“Mi piacerebbe arrivare un giorno al sindacato unico”, senza più avere “sigle su sigle”. La frase sibillina pronunciata da Matteo Renzi, durante il suo tour elettorale in Campania, non è andata proprio giù ai sindacati. Che dopo aver scoperto di aver un’idea fortemente diversa su pensioni, Jobs act, politica industriale, rinnovo dei contratti e, ovviamente, riforma della scuola, si ritrovano compatti a rispondere all’ultima stoccata del premier nei loro confronti.
“Il sindacato unico è invece una concezione che esiste solo nei regimi totalitari”, ha tagliato corto Susanna Camusso, segretario generale della Cgil, sostenendo che quella espressa da Renzi è “una concezione che è concettualmente sbagliata perché presuppone che la totalità di orientamenti e la rappresentanza di tutti i soggetti, anche diversi, che vi sono nel mondo del lavoro, vengano inclusi in un pensiero unico che non fa parte della modernità”.

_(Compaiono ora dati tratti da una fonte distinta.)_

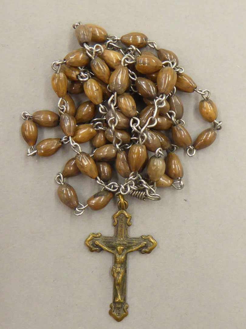 Rozenkrans van bruine pitten met messing kruisje

In disaccordo con il premier si è detta anche Annamaria Furlan, segretario generale Cisl: “L’Italia non ha bisogno di un sindacato unico, ma di sindacati responsabili e riformatori. Non serve a niente alzare polveroni o buttare benzina sul fuoco su questo tema. Piuttosto il Governo si occupi dei problemi veri del Paese, a cominciare dalla questione della crescita, del sostegno ai redditi più bassi e degli investimenti per creare posti di lavoro per i giovani e dare una prospettiva occupazionale a quanti purtroppo si trovano senza lavoro”.

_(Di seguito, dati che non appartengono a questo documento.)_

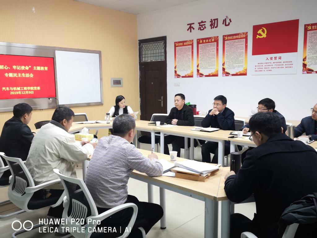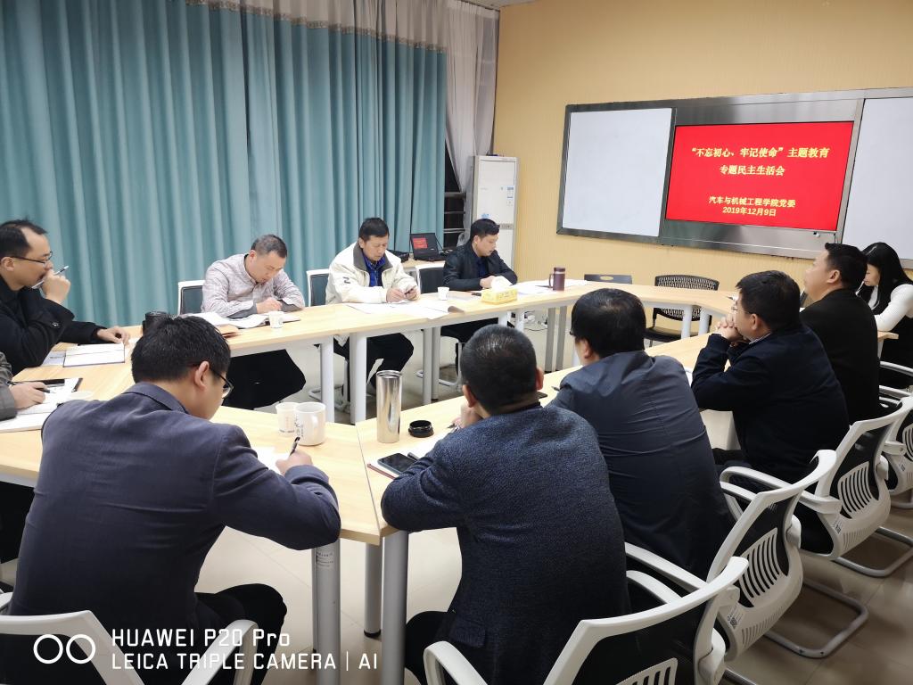 12月9日晚上,汽车与机械工程学院党委在工一B414会议室召开了“不忘初心、牢记使命”主题教育专题民主生活会。会议围绕主题教育总要求,进行自我检视和对照剖析,深入开展批评和自我批评。专题民主生活会由学院党委书记邱国良主持,学校主题教育督导组第三组组长李争流全程参加并作指导。

Sulla stessa lunghezza d’onda è il commento Carmelo Barbagallo, leader della Uil, secondo cui Renzi sogna un gruppo di rappresentanza dei lavoratori “come quello che ha Putin. Dove c’è un sindacato unico o ci sono governi totalitari o ci sono lavoratori che stanno peggio. Si deve rassegnare a un sindacato riformista. Vorrei capire poi cosa pensa della rappresentanza degli imprenditori nel ruolo di parte sociale. Pensa pure lì a un sindacato imprenditoriale unico? L’idea di Renzi è sempre quella dell’uomo solo al comando”, ha concluso Barbagallo.
L’idea del sindacato unico non è piaciuta nemmeno agli alleati di Renzi. Secondo Cesare Damiano (Pd), presidente della commissione Lavoro alla Camera, “La tradizione sindacale del nostro Paese esclude che si possa costruire un sindacato unico. Perfino nella stagione più favorevole al movimento dei lavoratori, gli anni Settanta – aggiunge Damiano -, il progetto di sindacato unitario fallì. L’avanguardia dei metalmeccanici che costruì la Flm (Federazione lavoratori metalmeccanici) fu costretta a tornare sui suoi passi”.

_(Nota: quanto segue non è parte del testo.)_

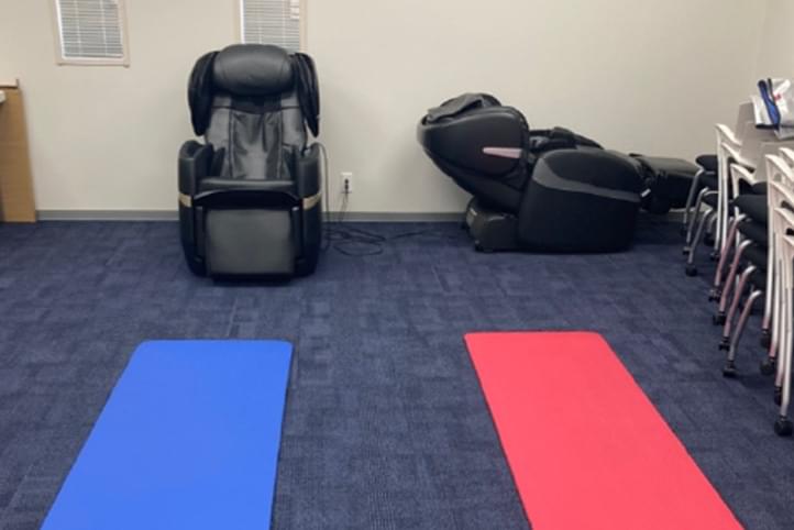 リラクゼーション室にストレッチマシンやマッサージ器(チェア)を導入し、社員が就業前後や休憩時間に自由にコンディショニングや疲労回復ができる環境を整備しています。混雑緩和のための簡易予約ルールと使用時間の目安を設け、利用後の消毒など衛生管理も徹底。安全面では体調不良時・持病がある場合の使用注意を喚起し、過度な利用を避けるよう声掛けをしています。今後は利用のモニタリングと満足度アンケートにより改善点を把握し、危機の更新や環境整備(照明・BGM等)を進めて、業務集中度と健康維持の双方に資する場として継続強化いたします。

“È invece possibile affrontare il tema del ‘disboscamento’ delle sigle sindacali attraverso una legge di sostegno sulla rappresentatività che recepisca gli accordi interconfederali recentemente firmati da Cgil, Cisl, Uil e Confindustria. In Parlamento giacciono numerose proposte di legge sul tema, a partire da quella del Pd”, sottolinea Damiano.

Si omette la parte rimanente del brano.